Cada um com a sua razão, não sendo este o ponto de quem busca entender por que colegas policiais (pelo menos em teoria) chegam ao ponto em que chegaram. Mas não custa lembrar fatos recentes acontecidos no Rio de Janeiro: primeiro, a disputa pelo “poder” de registrar ocorrências policiais entre as duas polícias, fato já comentado em postagem anterior; segundo, o episódio das duas polêmicas e espetaculosas prisões do coronel Beltrami, pedidas e executadas por um delegado, com direito a convocação da imprensa e sua entrevista na TV, prisões estas anuladas por dois desembargadores pelo fato de o pedido das prisões ter-se valido apenas de escutas telefônicas inconclusivas; terceiro, a retomada da velha picuinha entre delegados e oficiais da PM em torno do conceito de “autoridade policial”. Para os delegados, só eles são autoridades policiais; os PMs, de soldado a coronel, seriam seus meros agentes. Para os oficiais da PM, na preservação da ordem pública, em grandes eventos e em atividades de choque, trata-se também de “autoridade policial”, mas de natureza administrativa, de sua inteira responsabilidade. Ter-se-ia, então, de um lado, “autoridades policiais judiciárias”, e de outro, “autoridades policiais administrativas”. A esse respeito, remeto o leitor a postagem sobre a dicotomia: http://www.jorgedasilva.blog.br/?p=2390 .

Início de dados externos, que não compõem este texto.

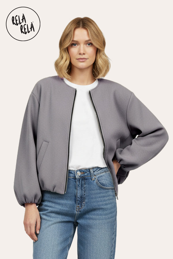 Oversized Zip-Up Casual Bomber Jacket in Grey
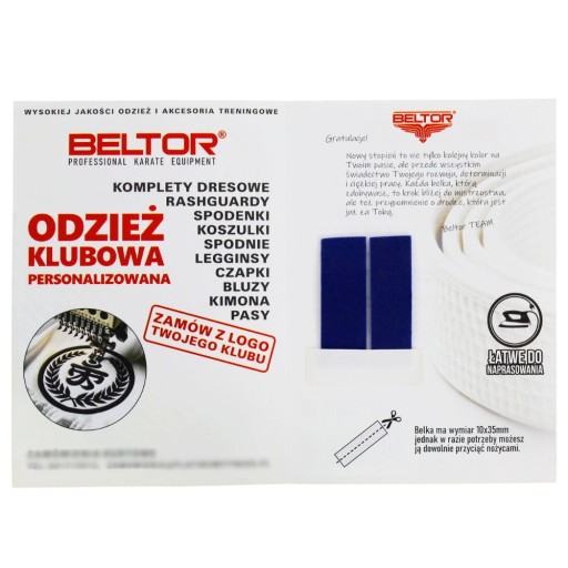 Belki na Obi Beltor to gotowe rozwiązanie na szybkie zamocowanie belki na pasie do kimono! Opakowanie zawiera 2 belki, do naprasowania z przodu i tyłu pasa lub obok siebie. Materiał belki jest bardzo przyjemny w dotyku i przypomina zamsz. Po naprasowaniu jest lekko wypukła i ma piękny żywy kolor. Po aplikacji belka jest trwale związana z materiałem. Można prać w pralce - w temperaturze poniżej 60'C.
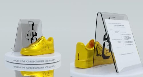 Geiger has announced he’s launching his first NFTs, and he’ll be doing so by using the very lawsuit Nike filed against him. Up for minting is Geiger’s GF-01 sneaker, the Air Force 1-lookalike that drew legal action, in gold, silver, and bronze. Each token will be accompanied by a physical version of the respective sneaker intended as a piece of art — as well as a copy of Nike’s lawsuit signed by Geiger.
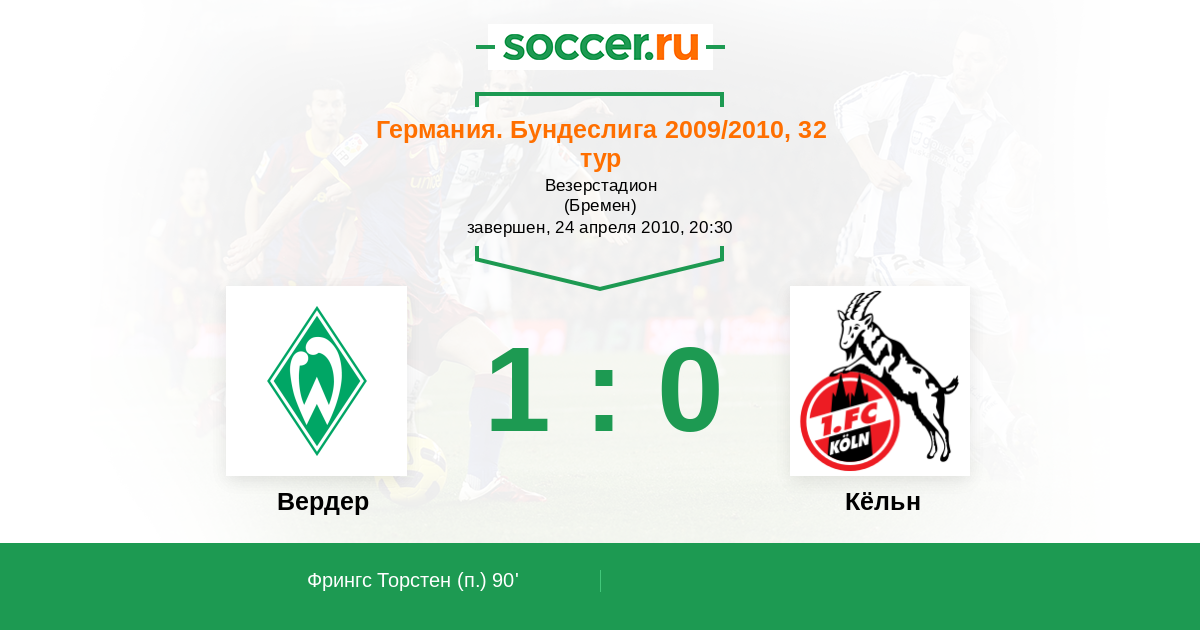 Германия. Бундеслига 28.08.2010 Вердер Логотип футбольный клуб Вердер (Бремен) 4:2 Логотип футбольный клуб Кёльн Кёльн
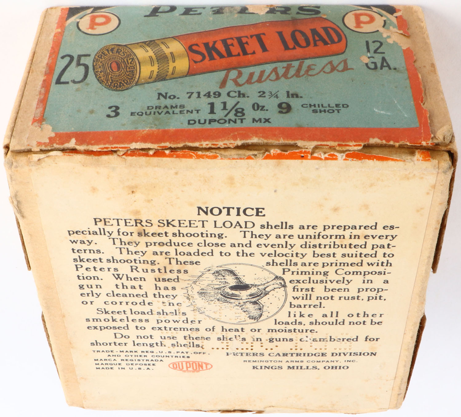 | Peters Cart. Co., SKEET LOAD, 12ga., 2pc., Empty, buff box with ...
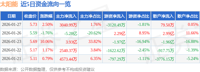 证券之星消息,截至2026年1月27日收盘,太阳能(000591)报收于5.73元,上涨2.5%,换手率7.88%,成交量309.32万手,成交额17.24亿元。
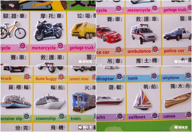 這款絕對就是家有車車迷必備啦!一次學到36種中英台3語的單字,換算下來簡單一張掛圖就能學108個字詞,是不是很划算!
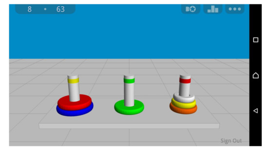 A digital version of the TOH is used, available at Google Play HANOI 3D. This program allows manipulating the disks and records the number of moves and total time in seconds required to complete the task. No experimental cognitive variation exists if either wood pieces or a digital version is used [17].
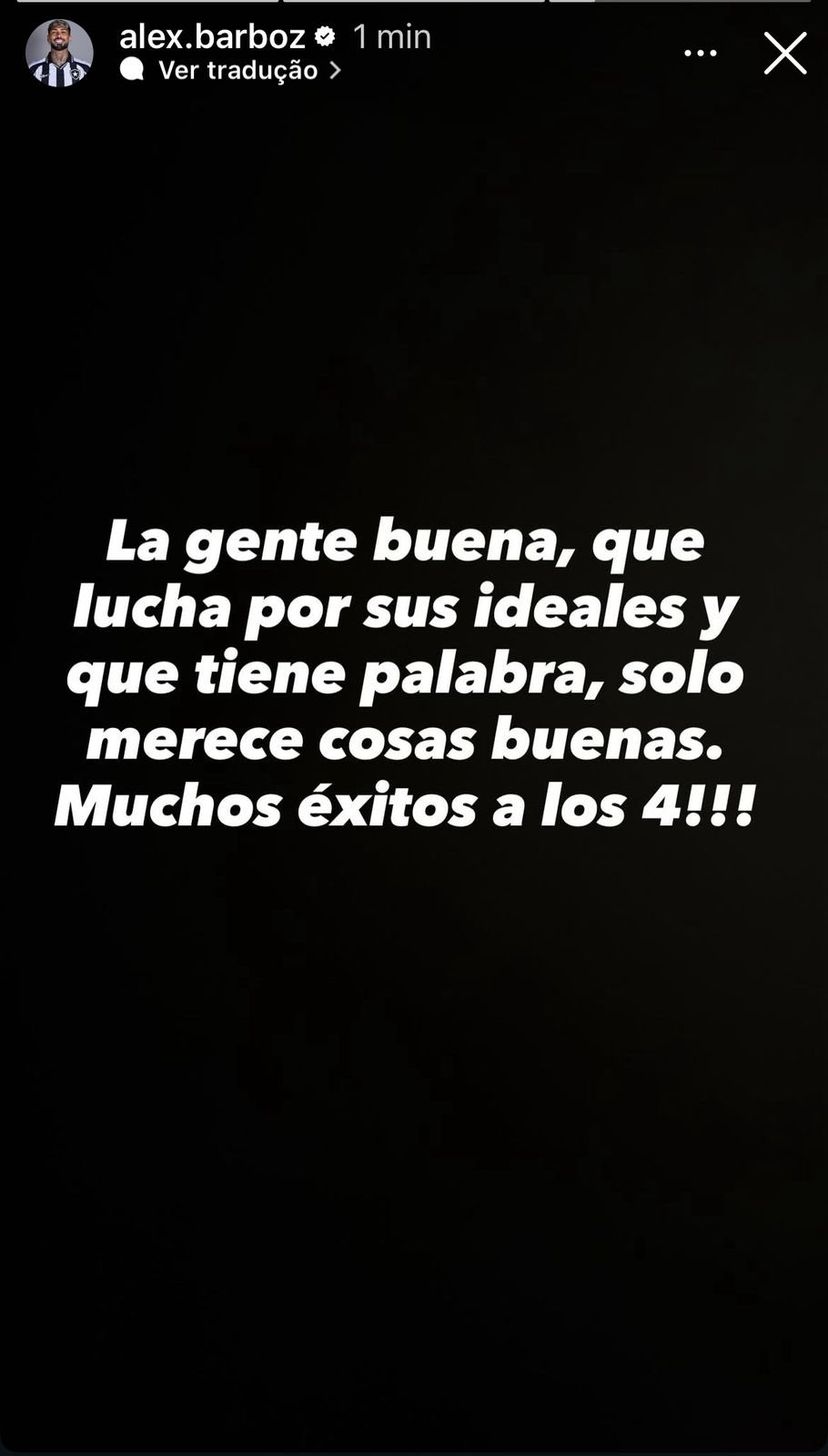 “As pessoas boas, que lutam por suas ideias e têm palavra, só merecem coisas boas. Muito sucesso para os 4!!!“, escreveu Barboza no Instagram, com um fundo preto.
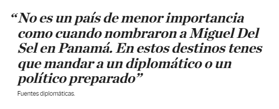 Sin embargo, en la diplomacia cayó mal esa posibilidad porque dudan de la capacidad de Iglesias para llevar a adelante una tarea diplomática tan relevante. "No es un país de menor importancia como cuando nombraron a Miguel Del Sel en Panamá. En estos destinos tenes que mandar a un diplomático o un político preparado", afirma un diplomático.
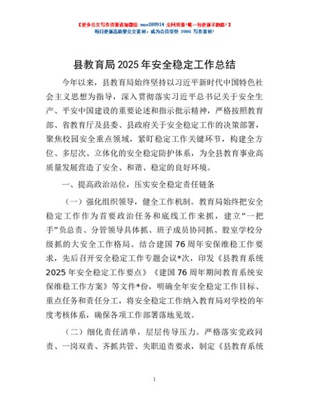 / 县教育局2025年安全稳定工作总结
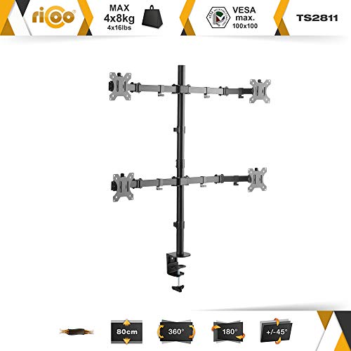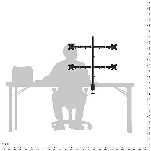 : Stand monitor quadruplo da tavolo è orientabile 180 gradi. Sostegno con inclinazione flessibile da +/-45 gradi. Rotazione de pannello frontale a 360 gradi. Altezza della base è regolabile
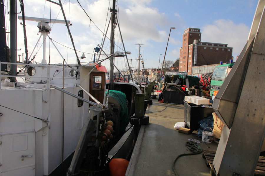 | 23.02.2012 - 11:00 Uhr - Kappeln/Schlei: Hafen Polizeitaucher aus Eutin machen Reinschiff auf dem Hafengrund Fischereihafen - Kaiabschnitt 2 Die vier Taucher erreichen den Kutter SIRIUS. Foto: Eckhard Schmidt - Kappeln - (C) 2012 |
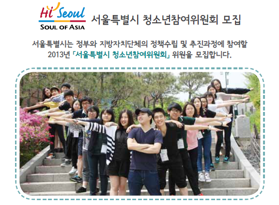 서울특별시는 청소년들이 정부와 지방자치단체의 청소년 정책 및 사업과정에 주도적으로 참여토록 하여 청소년 시책의 실효성을 제고하고 청소년 권익증진을 도모하고자 아래와 같이 <2013년 서울특별시 청소년참여위원회> 위원을 선발하오니, 역량 있는 청소년들의 많은 참여 바랍니다.
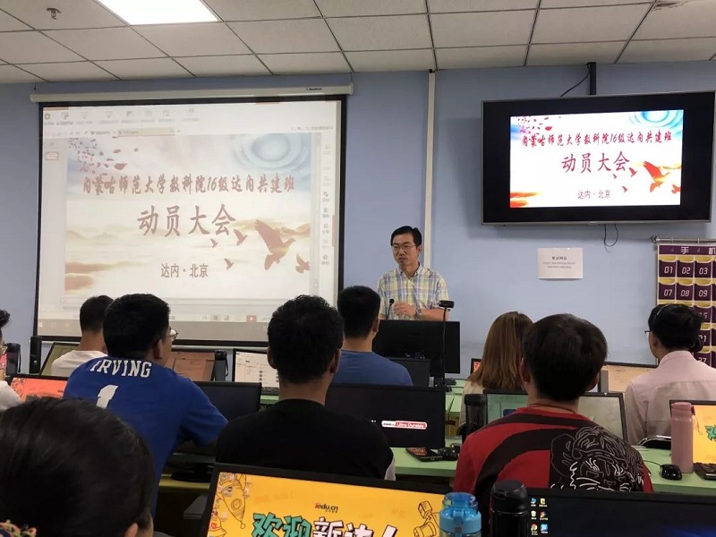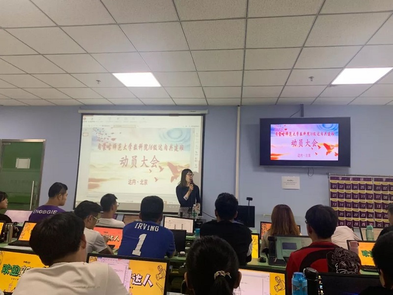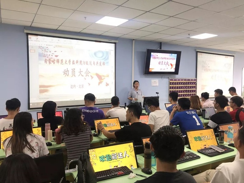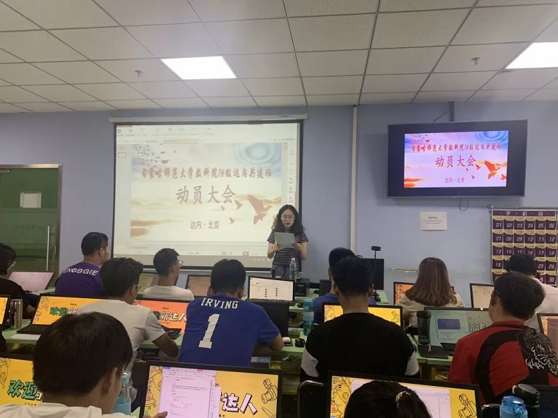 2019年9月4日下午,数学科学学院院长刘官厅教授、副院长包霞副教授、王桂霞教授因心系16级信息与计算科学大数据班学生,不辞辛劳到北京看望在北京学习的同学们,并在达内领导及驻校班主任王建新老师的陪同下出席内蒙古师范大学数科院16级信息与计算科学大数据班动员大会。

Voltando ao caso da delegada e do tenente. Quem sabe ela não aprendeu na Academia da Polícia Civil que só os delegados são autoridades policiais? Tal implicaria a conclusão de que o tenente seria seu subordinado, com o dever de prestar-lhe obediência e continência.

Se ainda ensinam isso nas academias da Polícia Civil (e o contrário na PM), o comportamento dos dois está explicado.

Em suma: numa sociedade socialmente hierárquica como a brasileira, em que o juiz acha que é mais do que o promotor; em que o juiz e o promotor acham que são mais do que o delegado; e em que o delegado acha que é mais do que o PM, os atritos entre as pessoas são a ponta do iceberg. Mais que procurar saber quem está com a razão, se a delegada ou o tenente, se estas ou aquelas pessoas, vislumbra-se a possibilidade de estudar a base do iceberg.